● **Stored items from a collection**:

--------------------------------

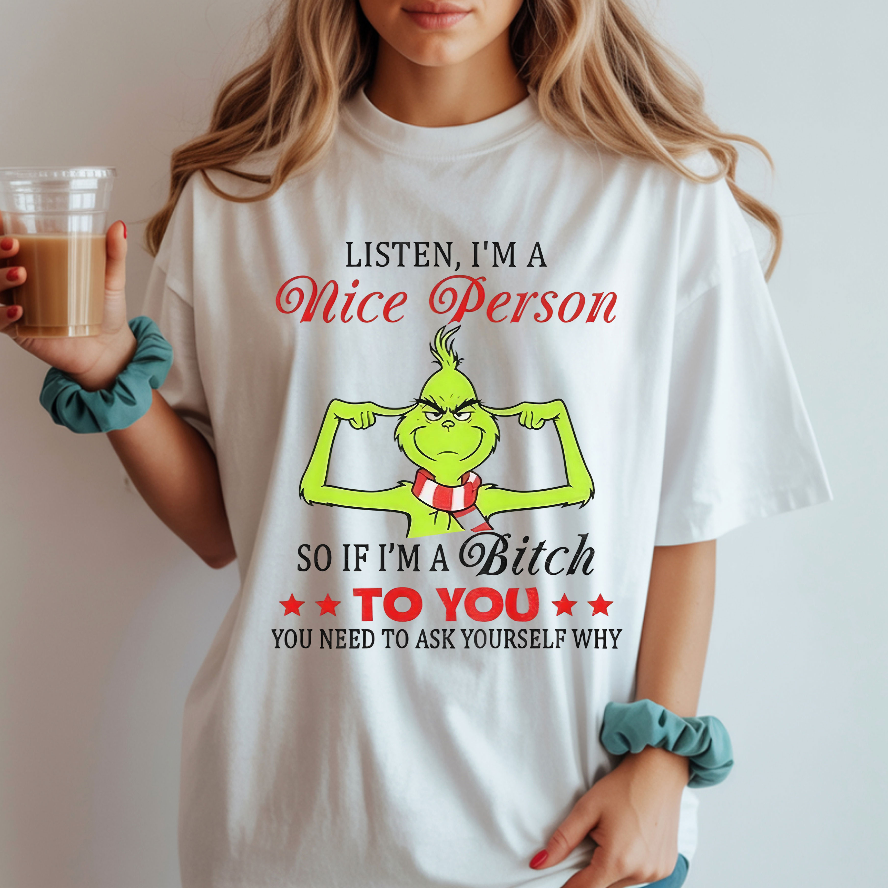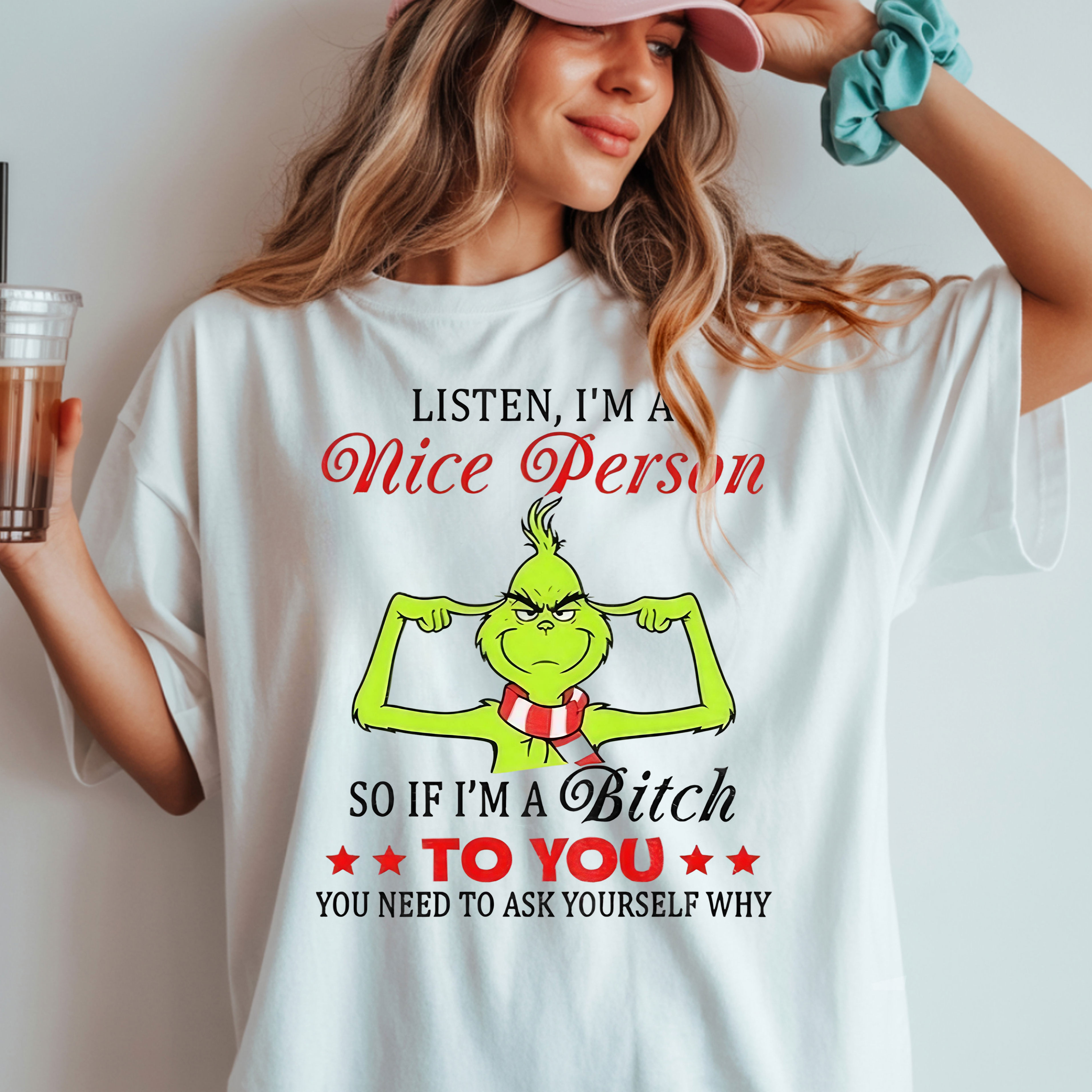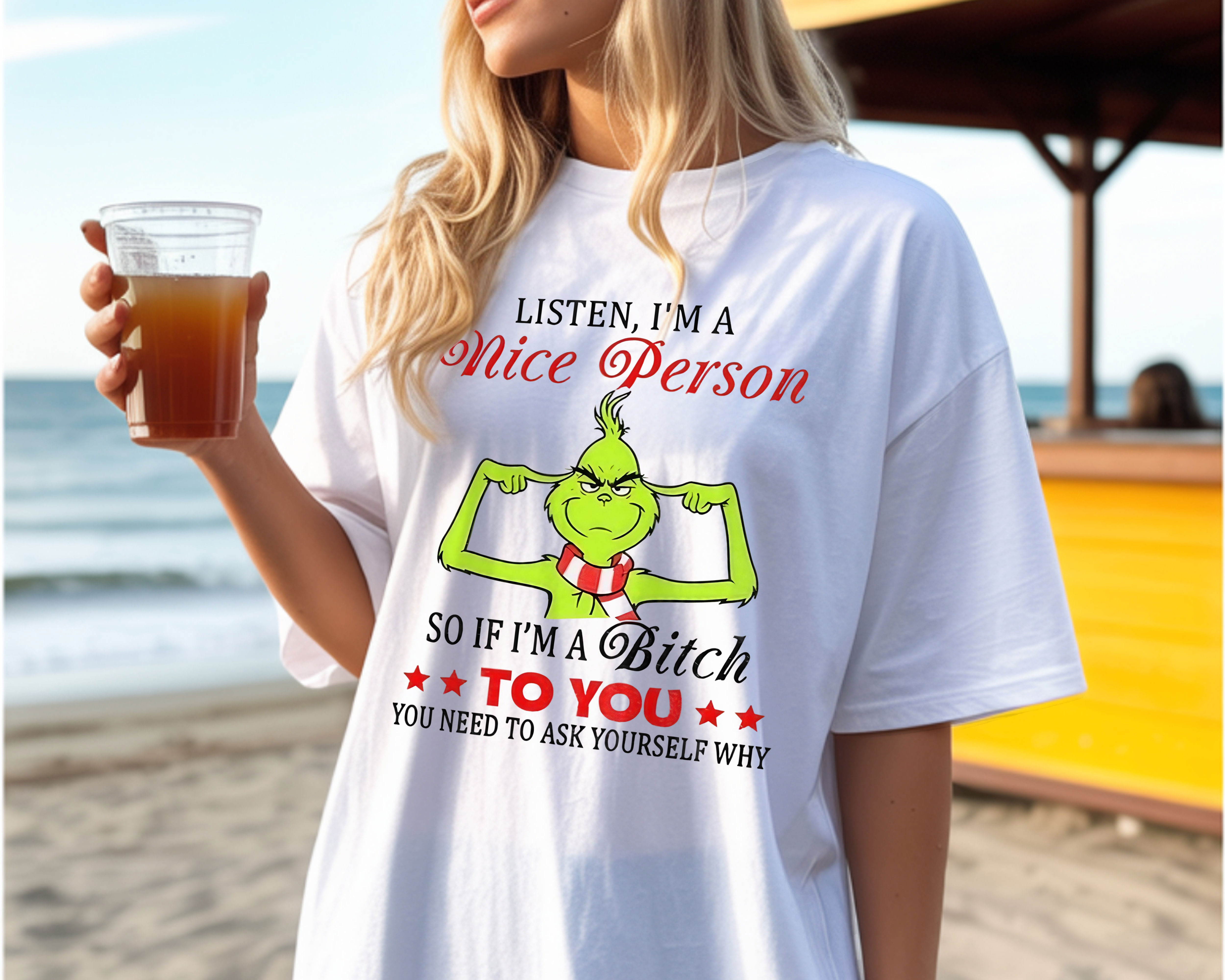 Grinch Quote Christmas T-Shirt – Funny I’m A Nice Person So If I’m A Btch To You Ask Yourself Why Vintage Bootleg Holiday Tee
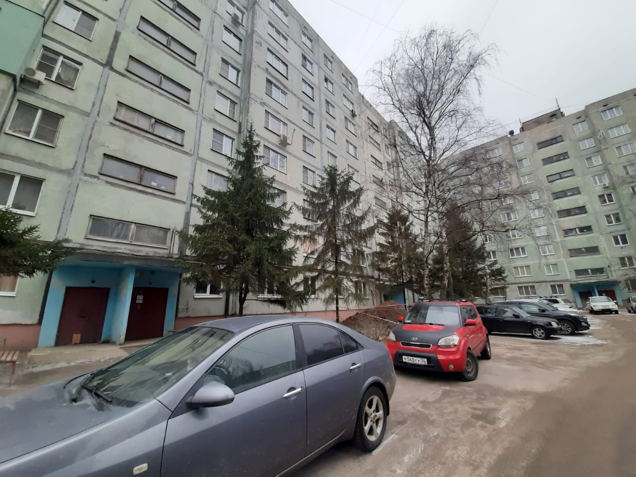 Высокий первый этаж, тамбур на две квартиры, чистый, сухой подъезд.
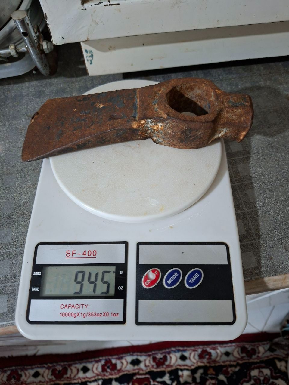همانطور که در تصویر مشخص است گوشه تبر مقداری زدگی دارد و احتیاج به سماده کاری دارد وزن تبر حدود 945 گرم
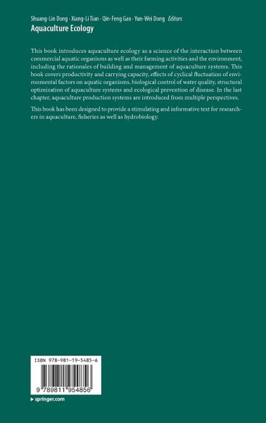 This book introduces aquaculture ecology as a science of the interaction between commercial aquatic organisms as well as their farming activities and the environment, including the rationales of building and management of aquaculture systems. This book covers productivity and carrying capacity, effects of cyclical fluctuation of environmental factors on aquatic organisms, biological control of water quality, structural optimization of aquaculture systems and ecological prevention of disease. In the last chapter, aquaculture production systems are introduced from multiple perspectives. This…mehr
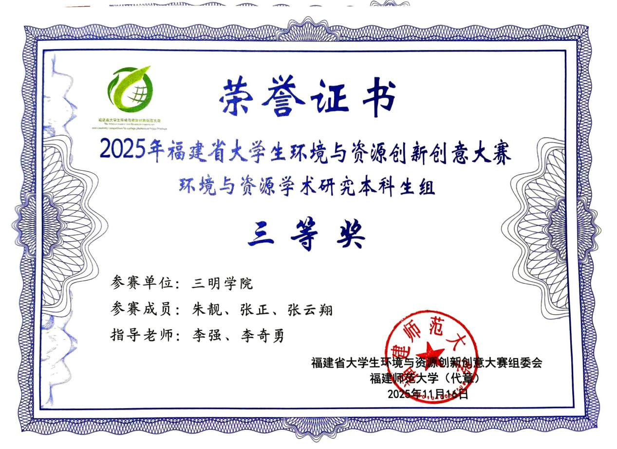 近日,三明学院资源与化工学院学子在李强、李奇勇等教师指导下,在第二十届全国环境友好科技竞赛、2025年福建省大学生环境与资源创新创意大赛中接连取得优异成绩,充分彰显学院在环境资源领域的人才培养质量与科研创新活力。
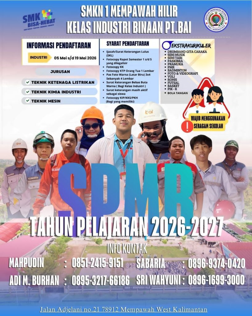 MEMPAWAH, PRUDENSI.COM-SMKN 1 Mempawah Hilir secara resmi mengumumkan pembukaan pendaftaran peserta didik baru untuk Kelas Industri Binaan PT. BAI tahun pelajaran 2026/2027.
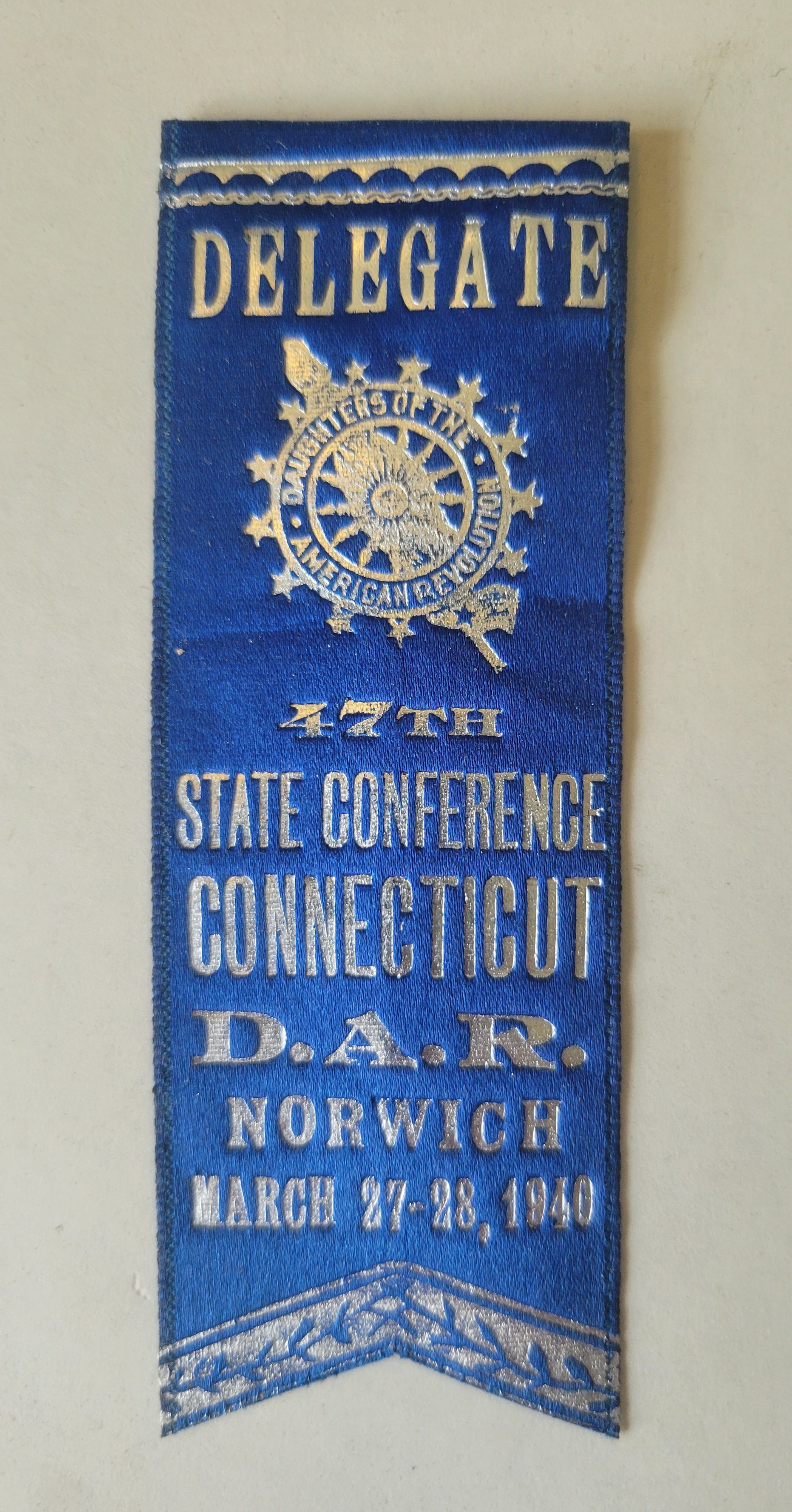 A delegate ribbon pin from the 47th State Conference of the Connecticut Daughters of the American Revolution. Dated March 27-28, 1940. A safety pin is attached at the back, where the manufacturer is listed as H.L. Wohlfarth of Brentwood MD.Collection

--------------------------------

The data above must be reproduced exactly, without any of its pictures.

 Grinch Quote Christmas T-Shirt – Funny I’m A Nice Person So If I’m A Btch To You Ask Yourself Why Vintage Bootleg Holiday Tee
 Высокий первый этаж, тамбур на две квартиры, чистый, сухой подъезд.
همانطور که در تصویر مشخص است گوشه تبر مقداری زدگی دارد و احتیاج به سماده کاری دارد وزن تبر حدود 945 گرم
 This book introduces aquaculture ecology as a science of the interaction between commercial aquatic organisms as well as their farming activities and the environment, including the rationales of building and management of aquaculture systems. This book covers productivity and carrying capacity, effects of cyclical fluctuation of environmental factors on aquatic organisms, biological control of water quality, structural optimization of aquaculture systems and ecological prevention of disease. In the last chapter, aquaculture production systems are introduced from multiple perspectives. This…mehr
 近日,三明学院资源与化工学院学子在李强、李奇勇等教师指导下,在第二十届全国环境友好科技竞赛、2025年福建省大学生环境与资源创新创意大赛中接连取得优异成绩,充分彰显学院在环境资源领域的人才培养质量与科研创新活力。
 MEMPAWAH, PRUDENSI.COM-SMKN 1 Mempawah Hilir secara resmi mengumumkan pembukaan pendaftaran peserta didik baru untuk Kelas Industri Binaan PT. BAI tahun pelajaran 2026/2027.
 A delegate ribbon pin from the 47th State Conference of the Connecticut Daughters of the American Revolution. Dated March 27-28, 1940. A safety pin is attached at the back, where the manufacturer is listed as H.L. Wohlfarth of Brentwood MD.Collection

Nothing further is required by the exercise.